Кузьма покраснел, вспомнив, как он обложил и обозвал старуху. Неловко стало. Но признаться в том было еще труднее.
— А чего она за мной подглядывала?
— Да кто ж знает? Может, любопытство. А может, хотелось человеку найти повод к общению, получить хоть каплю тепла на свою холодную судьбу. Но и тут не повезло. Знаешь отчего? Да потому что человек в человеке лишь плохое ищет. Не видя и не веря в добро. Ведь ты и сам понимаешь, что мужчины ее не интересуют. Не тот возраст у Груни! Подумал, что для сплетен почву искала. Но почему не предположил хорошее? Оттого и сам получил в ответ зло.
Кузьма сидел растерянный. Но для себя решил обходить эту старуху как можно дальше, не видеть, не слышать и никогда не разговаривать с ней.
Агриппина после этой стычки тоже перестала проявлять интерес к Кузьме. Встретившись с ним случайно, прошмыгивала серой тенью, даже не оглядываясь на столяра. Она никогда не здоровалась с ним. Но во дворе, сидя со старухами на лавке, всегда злобно шушукала в спину Кузьмы. Тот — не оглядывался. Она, как верно подметил Яков, оказалась не из худших.
Кузьма так и не понял тогда, что произошло. К нему в комнату без разрешения вошла толпа стариков. Лица злые. Без объяснений стали копаться в вещах, обшарили всю комнату и самого столяра. Ни слова не говоря, сделали обыск. Мужик смотрел на них обалдело.
— Что вам нужно? Кого ищете, скажите! Чего приперлись? — спрашивал людей. И, потеряв терпение, пошел за директором. Но того не оказалось на месте.
— Уехал по делам. Вечером будет, — ответил завхоз.
Кузьма вернулся в комнату, где все было перевернуто.
Старики закончили обыск, ждали его возвращения.

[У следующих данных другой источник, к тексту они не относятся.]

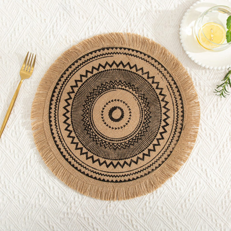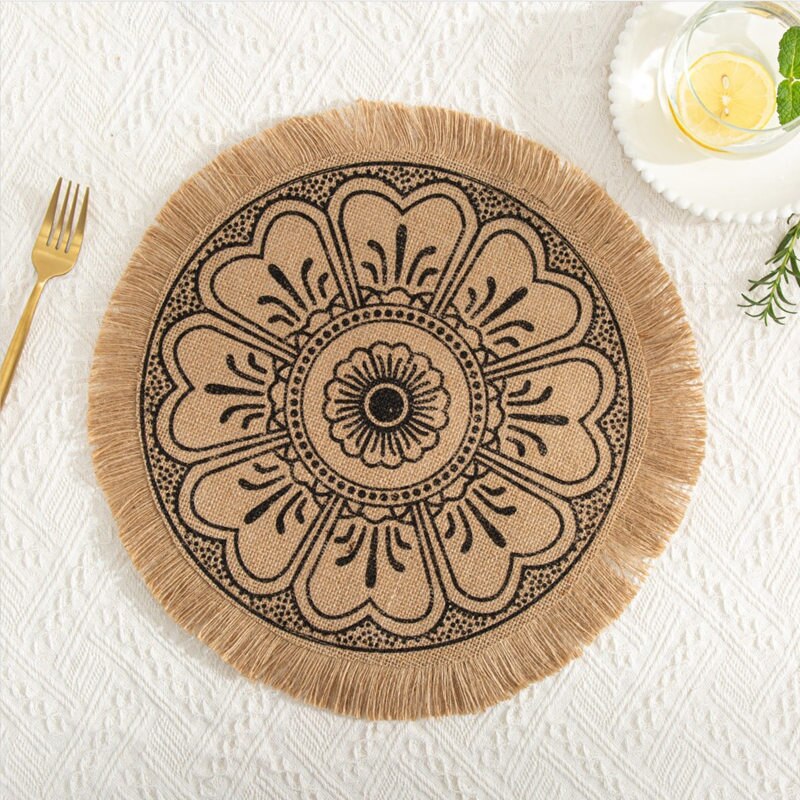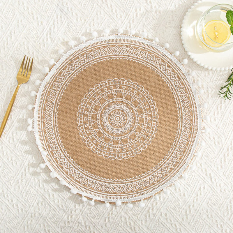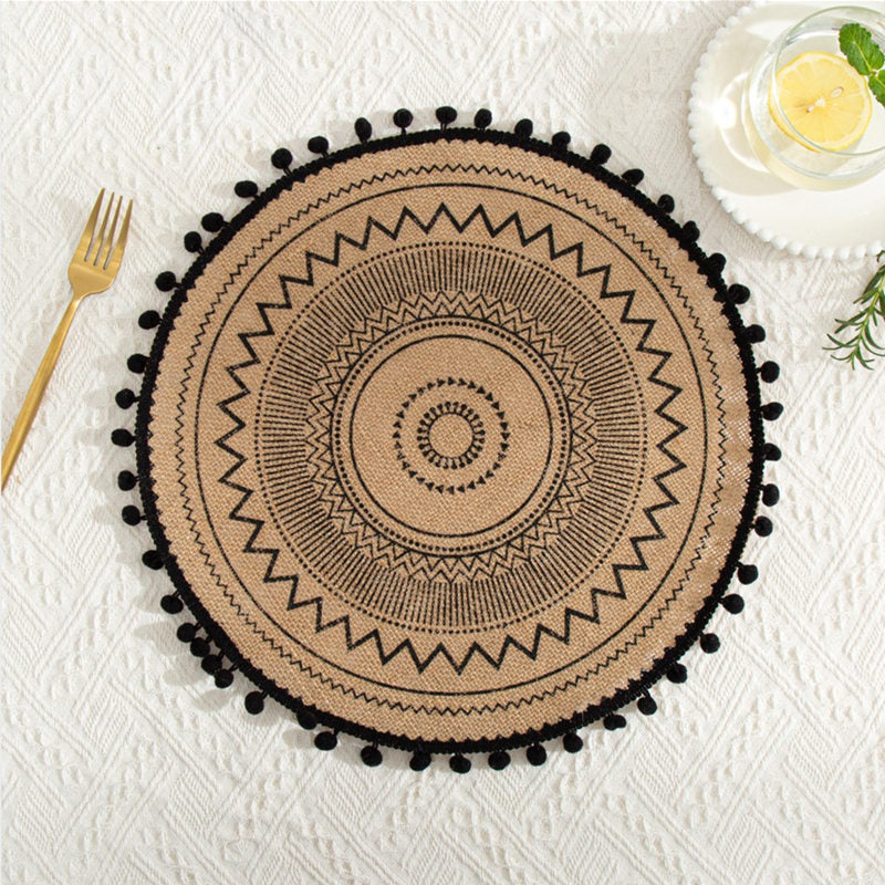 INS Jute Round Placemats Boho Tassels Table Mats Heat Insulation Pads Coffee Cup Mat Rustic Farmhouse Kitchen Decor Photo Props
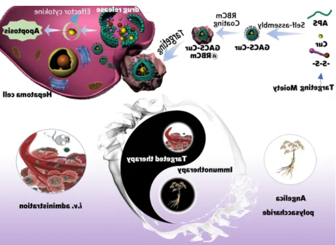 红细胞膜(RBCm)包裹负载姜黄素的甘草次酸-二硫键(DTA)-当归多糖自组装纳米胶束(GACS-Cur@RBCm)是一种智能仿生纳米递送系统,旨在提高姜黄素(Cur)的生物利用度和抗肿瘤效果。该胶束以当归多糖(APS)为亲水骨架,甘草次酸(GA)为疏水核心,通过二硫键(DTA)交联形成稳定的纳米结构,并利用姜黄素与GA之间的疏水相互作用及π-π堆积负载药物。DTA的引入赋予胶束肿瘤微环境响应性,在高谷胱甘肽(GSH)水平的肿瘤环境中可断裂释放姜黄素,实现精准药物递送。外层红细胞膜(RBCm)包裹进一步赋予胶束免疫逃逸能力,减少被巨噬细胞吞噬,延长体内循环时间,并提高肿瘤靶向性。GACS-Cur@RBCm结合了仿生屏障保护、肿瘤微环境响应和中药活性成分协同作用,为姜黄素的高效递送和抗肿瘤治疗提供了一种创新策略。
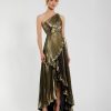 Mac Duggal Women’s Dresses Green Pleated High Neck Raglan Long Sleeve Side Slit Gown | Green

— Не надо злиться. Пропала вещь у человека. Мы ее ищем. Не только у тебя. У всех, кто мог взять…
— Что? Вы меня за вора посчитали? — вспыхнул Кузьма мигом и, открыв двери настежь, стал выгонять непрошеных гостей. Те не торопились. Если бы Кузьма не кричал и не ругался, давно бы ушли. А тут уперлись.
— А чего орешь? На лбу ни у кого не написано. Чужих не было. Все свои. Но часы пропали. Дорогие. Главное, подаренные. Кто мог взять? Ты там ремонт делал. Они на тумбочке лежали. Кроме тебя — некому взять! — выставил вперед козлиную бороденку старик Семен и смотрел на Кузьму не мигая.
— В жизни своей не брал чужого. С самого детства этим не хворал. Ищите! Но знайте всякий из вас — за срам и обиду каждому накостыляю досыта! — предупредил заранее.
— Ишь гордый! Его задело! А нам каково? Это уже не первая пропажа! У Тимофея надысь портсигар исчез. Дорогая вещица была! У Антона — золотой браслет. На неделю исчез, потом кто–то подбросил, положил под подушку. Деньги пропадали. Сколько можно молчать? До тебя такого не было.
— Послушай, Сема! Я не только работаю, а и живу здесь! Что зарабатываю, то и трачу. Мне хватает. Впрок не запасаю. Жизнь, как и у всех, — одна. С собой на тот свет не заберу. И живу на виду — открыто! Замков не имею. Потому срамить себя не дозволю никому! Если б по–хорошему пришли — другое дело. Коли ворвались, как к вору, — пенять станете на себя! — Схватил Семена за шиворот, поднял в воздух и, дав пинка, выбил в дальний угол коридора. Откуда вскоре донесся жалобный скулеж.
Кузьма прихватил за душу второго деда. Остальные сами мигом выдавились в дверь.
— Упаси вас Бог ко мне являться, тараканы висложопые! Сами ворье! — орал Кузьма. И решил уйти из стардома, найти другую работу, начал собираться. Не сразу услышал стук в дверь. Лишь когда он повторился. На пороге стояла Петровна.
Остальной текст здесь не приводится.